MLPA abnormality was absent in 18 cases and found in one chromosome in 112 tumours, two chromosomes in 143, three chromosomes in 137 and four chromosomes in 42 cases. Chromosome 3 loss and 8q gain correlated with all clinical and histological risk factors (Chi square, p<0.001) and with increased mortality (Logrank, p<0.001) whereas unequivocal chromosome 6p gain correlated with improved survival (Logrank, p<0.001). The eight-year disease-specific mortality rates were 0% without chromosome 3 or 8q abnormality, 12% with  abnormality of only one of these chromosomes, 35% with abnormality of both chromosomes with 6p gain, and 71% with abnormality of chromosomes 3 and 8q without 6p gain (Logrank, p<0.001). Only three of 189 patients died of metastatic disease in the absence of combined chromosome 3 loss/ 8q gain.

Conclusion

MLPA analysis of uveal melanoma is highly predictive of survival, with mortality occurring almost exclusively when chromosome 3 loss and chromosome 8q gain coincided.

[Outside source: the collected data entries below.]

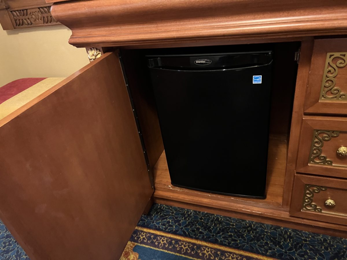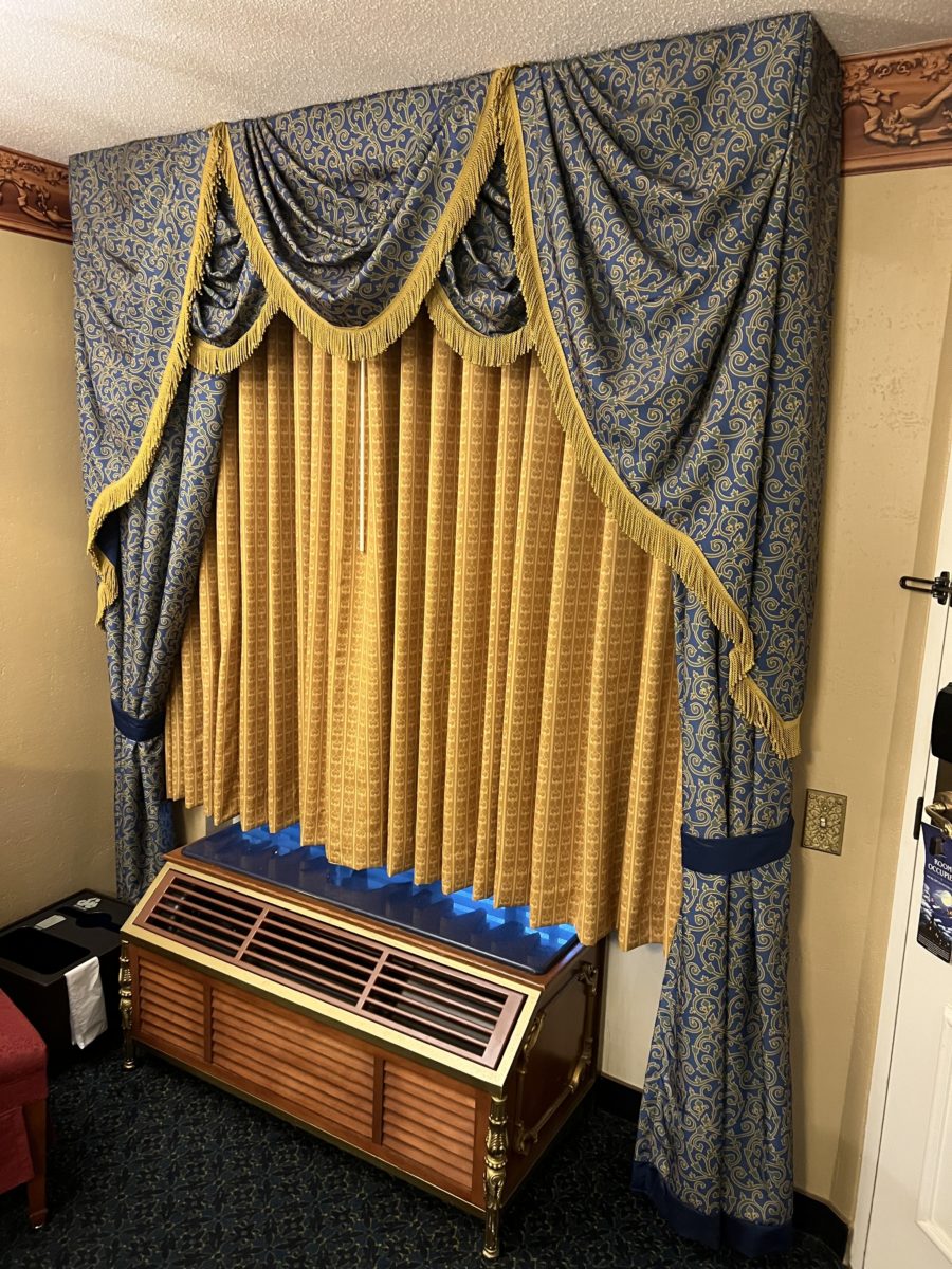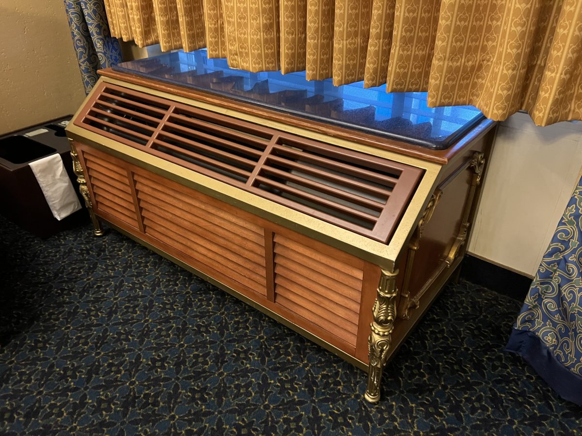 Below the window is the room’s air conditioner. It has a wood exterior cover with ornate gold trim.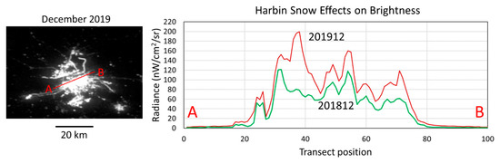 Radiance transect across Harbin, China showing the brightening effect of snow cover present in December 2019. The December 2018 radiances were consistently dimmer than the December 2019 ones.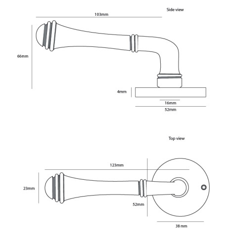 These beautiful old-fashioned door handles from the CDL (Créations de Laiton) collection by Dauby stand on a round rosette with a Ø of 52 mm and a thickness of only 4 mm. The screw holes are already provided in the rosette and are at a center distance of 38 mm.

The prevalence rates of the chromosomal abnormalities suggest crescendo malignancy culminating in metastatic capability and contradict the hypothesis that lethal and non-lethal melanoma variants are distinct from their inception. Approximately 50% of tumours lacked the lethal combination of chromosome 3 loss/8q gain suggesting that treatment may have prevented the 'second hit' and hence metastatic spread in some patients.